Demographic segmentation groups your target market into specific groups of people based on attributes like location, age, education, occupation, and income bracket. By using information from demographic segmentation, you can create personalized marketing campaigns for each part of your target market.

These more personalized approaches can lead to a better distribution of resources and more conversions because the specific messages resonate more than a non-direct generic message to your whole audience might.

There are 5 main demographics most businesses segment their audience with. This is how to leverage each one.


Harkening back to Generational Profiling, segmenting by age allows you to change a campaign so it resonates with who you need it to. The thing about generational segmentation is that each age group, from Baby Boomers to Gen Z, have unique experiences and references that tie them together. Music, celebrities, movies and other pop culture references can help campaigns with the nostalgia factor for each generation.


Segmenting by education lets you divide your target market by school, area of study, and degree. Successful campaigns that have done this generally play into the loyalty many have for their alma mater.


Certain types of professionals have more value to certain marketing campaigns and occupations segmentation can separate your target market by job function, job title, and job seniority. This is particularly useful for B2B brands, as occupation segmentation makes it easy to target individuals with buying power at a company.

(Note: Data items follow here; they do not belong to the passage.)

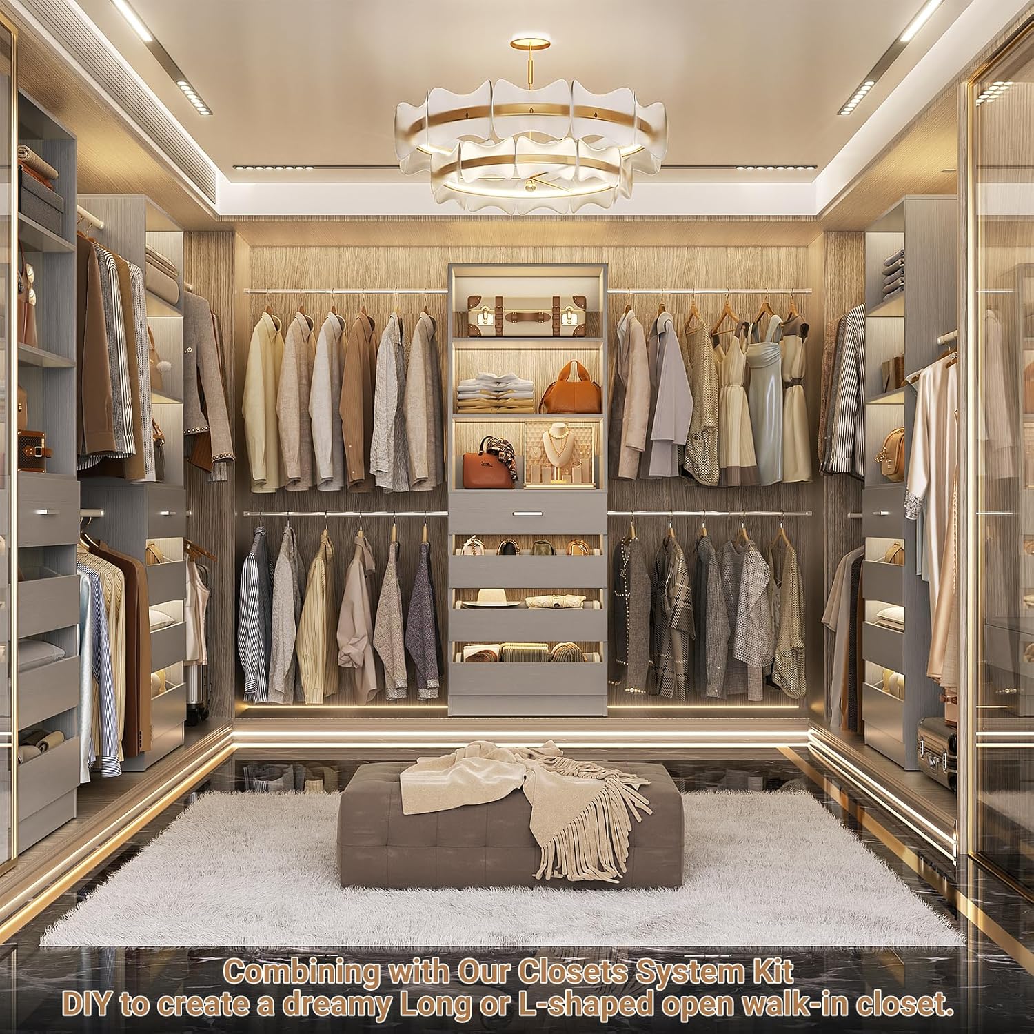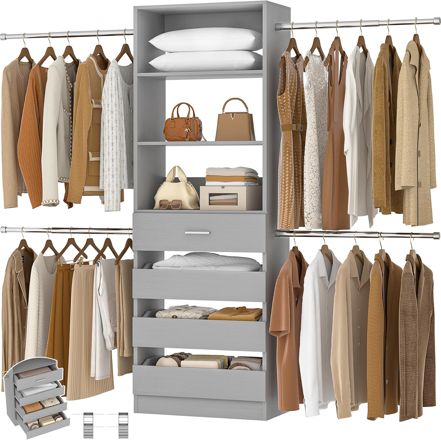 - Aheaplus Closet System, 4-9FT Closet Organizer with 4 Wooden Drawers, Wood Closet Organizer System with Tower, Walk-in Closet Organizer Wardrobe Clothes Rack with 4 Hanging Rods, Garment Rack, Grey
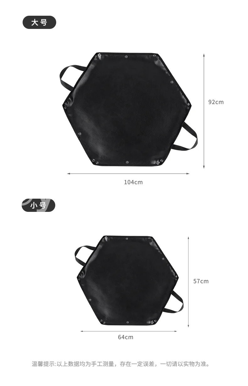 Name: Hexagonal Fire-Resistant Mat Sizes: Large - 10492cm, Small - 6457cm Weight (with Storage Bag): Large - 490g, Small - 220g
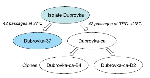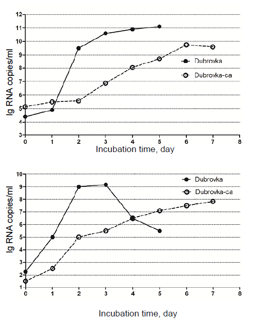 The Dubrovka-37 variant did not replicate in the Vero cell culture at 23ºC, while the Dubrovka-ca, Dubrovka-ca-B4, and Dubrovka-ca-D2 variants on the 7th day reached the titer of 4.5–8.0 TCID50/ml, depending on MOI.
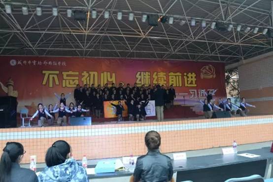 为纪念“红军长征胜利80周年”,2016年12月8日下午,我校初一年级全体师生在实外操场举行了歌咏比赛。
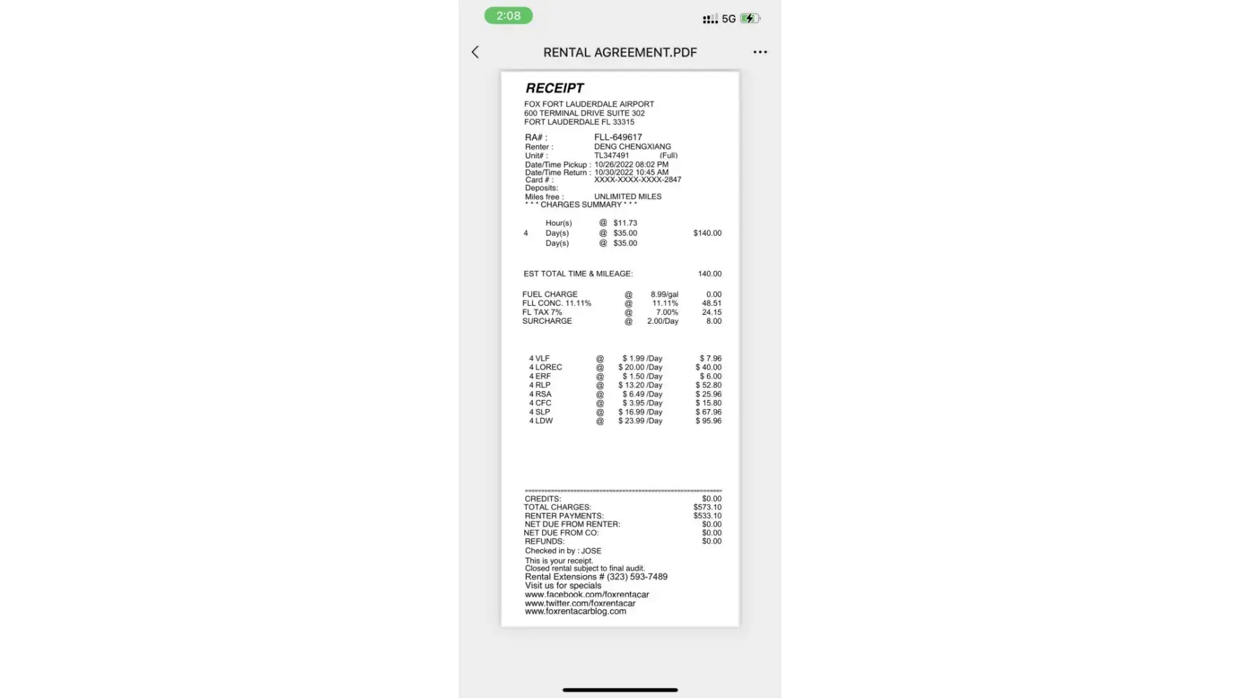 I contacted fox rental and wisecars but they didn't solve the problem. One plays for the other and to this day there has been no solution or explanation.
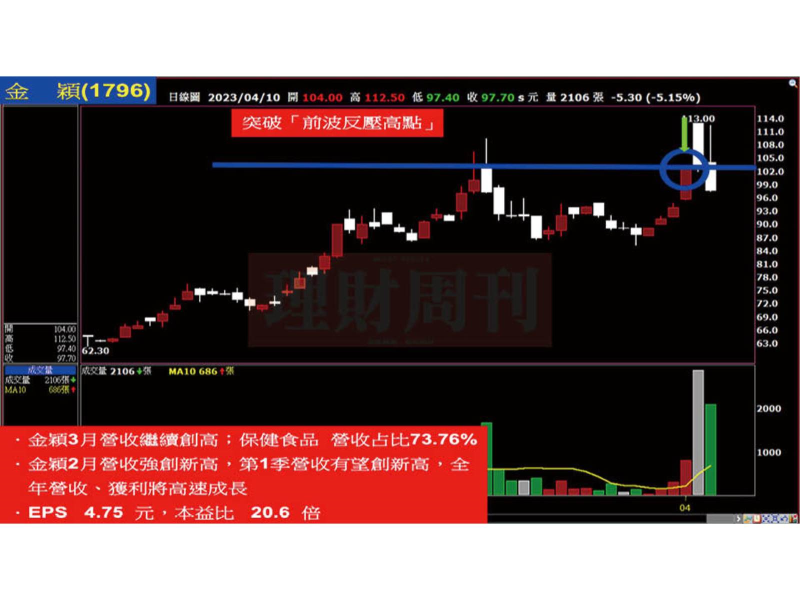 金穎生技受惠營養保健品市場趨勢持續向上未變,旗下既有產能已達滿載水準,二○二二年營收成長二○%,獲利更大幅擴增五五%,全年EPS二.二六元,成功創下歷史新高。南科二廠第一季已正式量產,營收逐月往上,金穎生技二月營收六三五五萬元,創下歷史新高,年增率多達五九.七五%,月增率為一五.一九%,累計今年前二月營收一.一九億元,年成長率為二七.二○%。隨著產線稼動率持續向上,今年營收業績將可順利延續前一年高成長動能可期。
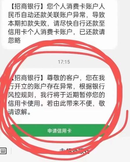 招商銀行發(fā)短信通知信用卡暫停使用。
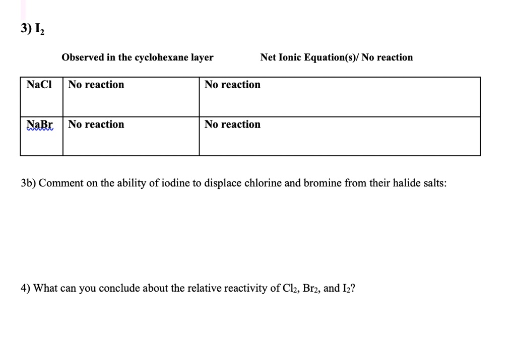 Solved 3 1 Observed In The Cyclohexane Layer Net Ionic Equation S No Reaction Naci No Reaction No Reaction Nabr No Reaction No Reaction 3b Comment On The Ability Of Iodine To Displace Chlorine
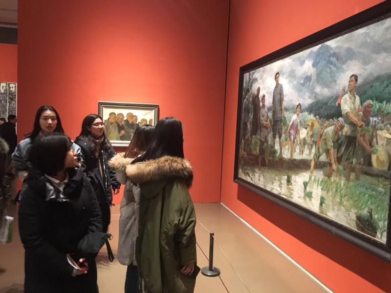 在看到陈艺飞与魏景山大师共同创作的《占领总统府》的画作时,师生们驻足许久,因为魏景山老师,作为中法学院艺术创作设计工作室,亦是上海壹画室的艺术大师,欣赏身边的艺术大家画作,时空间的对话,专业上的学习,见证着我党的发展成就。
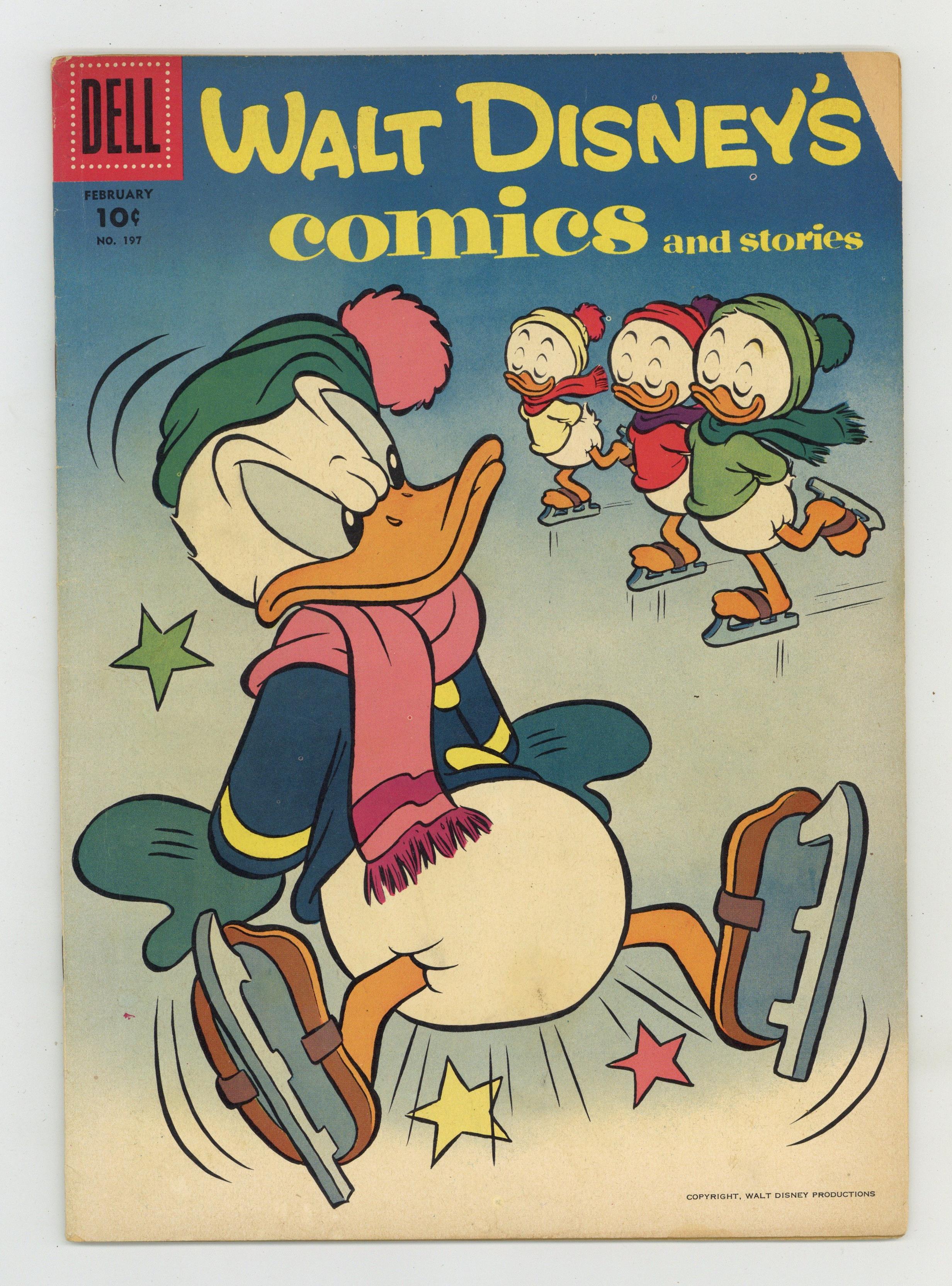 Tags: Disney Ducks & MicePublished Feb 1957 by Dell/Gold Key.$2.9010¢ Edition. Cover by Paul Murry. Stories and art by Carl Barks, Don Christensen, Carl Fallberg, Paul Murry, Gil Turner, Bob Karp, and Al Taliaferro. Sometimes listed as Vol. 17 #5. The long-running vehicle for Disney character comics featured art by Carl Barks, the legendary Good Duck Artist. Seeking a lost horse, Mickey and Goofy stumble on mysterious Loon Lake. In a story by Barks, Donald joins the border patrol and encounters parakeet smugglers. The Big Bad Wolf tries to keep his New Year's resolution to stop hunting the Three Little Pigs. Donald Duck; Li'l Bad Wolf; Pluto; The Winter Serenade; Mickey Mouse: The Legend of Loon Lake. 32 pages, Full Color. Cover price $0.10.

Geographic location is an easy way to split your target market based on what they need and what they’re interested in. Landscape, distance from locations and climate can impact the messages you send. Advertising shorts or sandals in the middle of a Minnesota winter just doesn’t work for us here.

Income Bracket

Income segmentation divides your target market by income. Knowing how much discretionary income your base has, allows you to market to those that can afford your product or service, help you to set or your prices in accordance to how much is realistic to expect your target market to spend, and may inspire pricing levels for each segment of your target market.